The International Seminar on Sharia, Law, and Muslim Society (henceforth ISSLaMS) is a biennial conference held by the Faculty of Sharia UIN Raden Mas Said Surakarta, Indonesia. This conference serves as a forum for scholars from all around the world to disseminate and discuss their works on sharia, law, and Muslim society. This forum consists of keynote, invited, and panel speakers. The subject of this conference includes a wide range of studies ranging from doctrinal analysis on different substantive areas of sharia and (Islamic) law, e.g. Islamic family law and Islamic economics, to more descriptive studies on sharia in society. It thus covers studies on the functioning of sharia or Islamic law in society from various disciplines, such as politics, history, anthropology of law, sociology of law, gender, and the like. The first conference of ISSLaMS will be held on 22 September 2022 in Surakarta, Central Java, Indonesia. The theme for this year conference is “the Intersections between Sharia and State-Law in Muslim World”.

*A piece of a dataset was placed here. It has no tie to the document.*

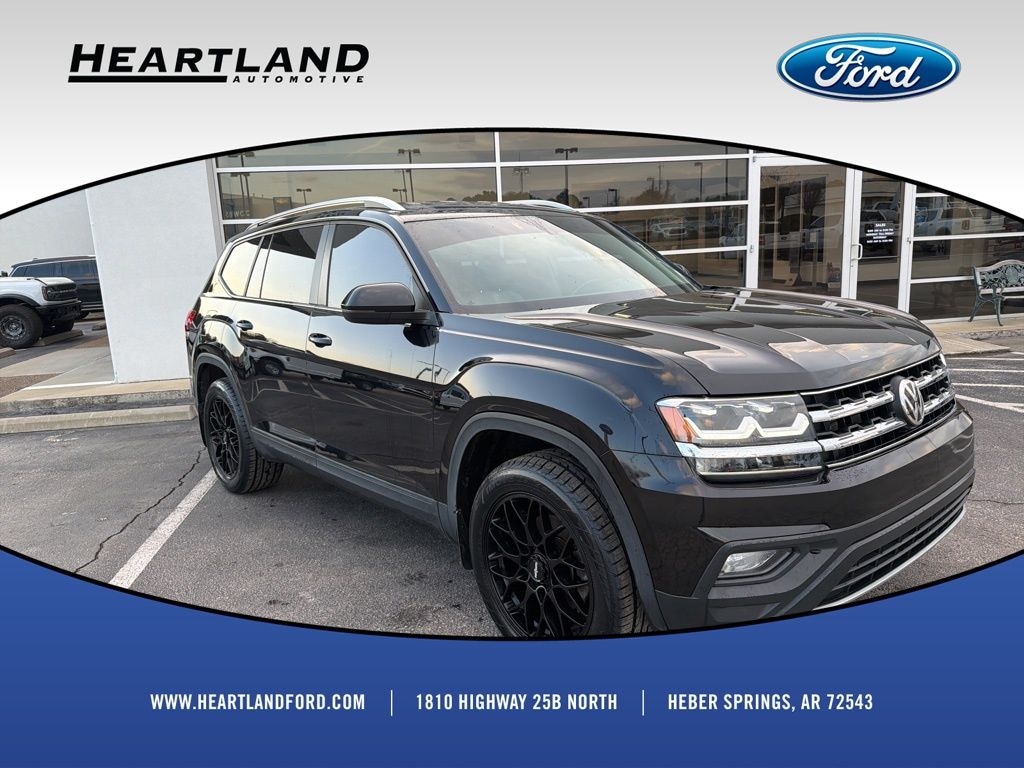 This 2019 Volkswagen Atlas 3.6L V6 SE in Black comes with the following features: 3.6L VR6 8-Speed Automatic with Tiptronic AWD 18" 5-Spoke Wheels, 3.60 Axle Ratio, 3rd row seats: split-bench, 4-Wheel Disc Brakes, 8 Speakers, ABS brakes, Air Conditioning, Alloy wheels, AM/FM radio: SiriusXM, Automatic temperature control, Brake assist, Bumpers: body-color, Compass, Delay-off headlights, Driver door bin, Driver vanity mirror, Dual front impact airbags, Dual front side impact airbags, Electronic Stability Control, Emergency communication system: VW Car-Net services (capabilities require enrollment or subscription), Exterior Parking Camera Rear, Forward collision: FCW w/Autonomous Emergency Braking mitigation, Four wheel independent suspension, Front anti-roll bar, Front Bucket Seats, Front Center Armrest, Front dual zone A/C, Front fog lights, Front reading lights, Heated Comfort Front Bucket Seats, Heated door mirrors, Heated front seats, Illuminated entry, Low tire pressure warning, Occupant sensing airbag, Outside temperature display, Overhead airbag, Overhead console, Panic alarm, Passenger door bin, Passenger vanity mirror, Power door mirrors, Power driver seat, Power steering, Power windows, Radio data system, Radio: Composition Media 8.0" Touchscreen, Rain sensing wipers, Rear air conditioning, Rear anti-roll bar, Rear reading lights, Rear seat center armrest, Rear window defroster, Rear window wiper, Remote CD player, Remote keyless entry, Roof rack: rails only, Security system, Speed control, Speed-sensing steering, Split folding rear seat, Spoiler, Standard Suspension, Steering wheel mounted audio controls, Tachometer, Telescoping steering wheel, Tilt steering wheel, Traction control, Trip computer, Turn signal indicator mirrors, V-Tex Leatherette Seating Surfaces, and Variably intermittent wipers.

  • International Seminar on Sharia, Law and Muslim Society (ISSLAMS) 2022

    September 22, 2022 – September 23, 2022

     

    Wael B. Hallaq, a renowned sharia scholar, has called sharia an ‘episteme’ that suffered a ‘structural death’ following the dawn of modernity in the nineteenth and early twentieth centuries (Hallaq 2009, 15–16). Yet, its resurgent is remarkable across a number of jurisdictional fault-lines: from Muslim-majority nations in Middle East and Southeast Asia to Muslim-minority societies in Western Europe and North America. Across these jurisdictions, the relationship between sharia and state law is central. It includes sharia-state encounters, notably in the form of (state) Islamic law, in the field of family law, which is often asserted as the ‘core’ or ‘last stronghold’ of sharia (Moors 2003, 2; Coulson 1969, 115–6), and other substantive areas of law, such as Islamic economics and Islamic philanthropy and also jinayah (Islamic penal law). Regardless of their differences in their own specific context, these areas somehow manage to secure an importance place in the modern days. It involves different loci of authority to interpret, legislate, and enforce sharia, or parts of it that not only flourish but also being challenged around the Muslim world. Equally important are implications of the increasingly unsettled authority of apparently agreed-upon substance of sharia. To contribute on these issues, we would like to invite scholars from diverse discipline including law, anthropology, and Islamic studies, working in both Muslim-majority and Muslim-minority contexts, to present their works in our International Seminar on Sharia, Law, and Muslim Society (ISSLaMS).